Pour toutes ces raisons, et afin de tenir compte de la situation d’urgence et des préoccupations de toutes les parties concernées, l’OSAR vous prie instamment en tant que Cheffe du Département fédéral de justice et police, ainsi que le Conseil fédéral dans son ensemble, de prendre immédiatement les mesures qui s’imposent dans le domaine de l’asile en vertu du droit d’urgence. Nous demandons que les points suivants en particulier soient traités d’urgence:
- Les procédures d’asile (accélérées, étendues et soumises à l’ancienne législation) doivent être suspendues jusqu’à nouvel ordre.
- Les délais des procédures Dublin ne peuvent être respectés car les transferts vers d’autres Etats européens restent impossibles pour l’instant. La Suisse doit donc se déclarer responsable de l’examen de ces demandes.
- Lorsque l’ensemble des faits a été établi et qu’une décision d’asile positive peut être prononcée, il s’agit alors de terminer la procédure en cours.
- Si la crise mondiale liée au coronavirus rend impossible à long terme l’expulsion de personnes vers leur pays d’origine ou leur pays de provenance, celles-ci doivent alors être admises à titre provisoire (conformément à l’article 83, al. 2, LEI).
- Comme il apparaît impossible pour l’instant d’exécuter les renvois prononcés, les personnes en détention administrative doivent être libérées immédiatement. Elles doivent avoir accès à un hébergement d’urgence et à des soins médicaux.
- Aucune décision prononcée ne doit imposer de délai.
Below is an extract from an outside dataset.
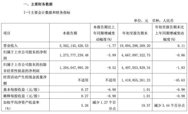 而從前三季度來看,雖然總營收達190.94億元,同比增長6.11%,但凈利潤為46.67億元,下降0.86%。值得注意的是,這是海天味業自2014年上市以來,首次出現三季報中錄得凈利潤下滑。

- Les procédures juridiques doivent également être suspendues.
HĂ©bergement
Face à la gravité de la situation d’urgence, il importe en outre de combler les lacunes en matière d’hébergement. Le SEM poursuit ses efforts pour augmenter les capacités d’hébergement. Toutefois, dans les établissements d’hébergement collectif de la Confédération et des cantons, les règles de conduite et les mesures de protection hygiénique fixées par le Conseil fédéral et l’OFSP ne peuvent être respectées partout de manière adéquate en raison des espaces disponibles et de l’accès limité aux soins médicaux et aux mesures d’hygiène. Dans ces lieux d’hébergement – centres fédéraux pour requérants d’asile, centres de transit, hébergements d’urgence – il existe donc un risque d’infection sensiblement accru pour toutes celles et tous ceux qui y vivent et y travaillent: les personnes requérantes d’asile, le personnel médical, d’encadrement et de sécurité, les juristes de la protection juridique et le personnel du SEM.
Au vu de cette situation de crise extraordinaire, l’OSAR est consciente de la gravité de sa tâche. Elle soutient les mesures restrictives adoptées par le Conseil fédéral dans un esprit de solidarité afin de freiner la propagation du coronavirus. Néanmois, l’OSAR reste fermement convaincue que cette solidarité doit également concerner le domaine de l’asile, les directives et les règles émises par le Conseil fédéral et l’OFSP devant s’appliquer sans distinction.
Face à cette pandémie aux effets imprévisibles, la santé et la sécurité de l’ensemble des acteurs et actrices impliqués dans la procédure d’asile constituent pour l’OSAR une priorité absolue. Sans mesures adoptées en vertu du droit d’urgence, les problèmes ne tarderont pas à affecter le système d’asile suisse dans tout le pays. En raison des nombreux points de contact existant dans la procédure d’asile ainsi que des longues chaînes d’infection, une réaction tardive du Conseil fédéral face aux nouveaux développements aurait en fin de compte des répercussions non seulement sur le système d’asile suisse, mais également sur l’ensemble de la population. Il s’agit à présent d’empêcher cela rapidement et efficacement. Dans l’intérêt de toutes et tous.
Je vous prie d’agréer, Madame la Conseillère fédérale, l’assurance de ma considération distinguée.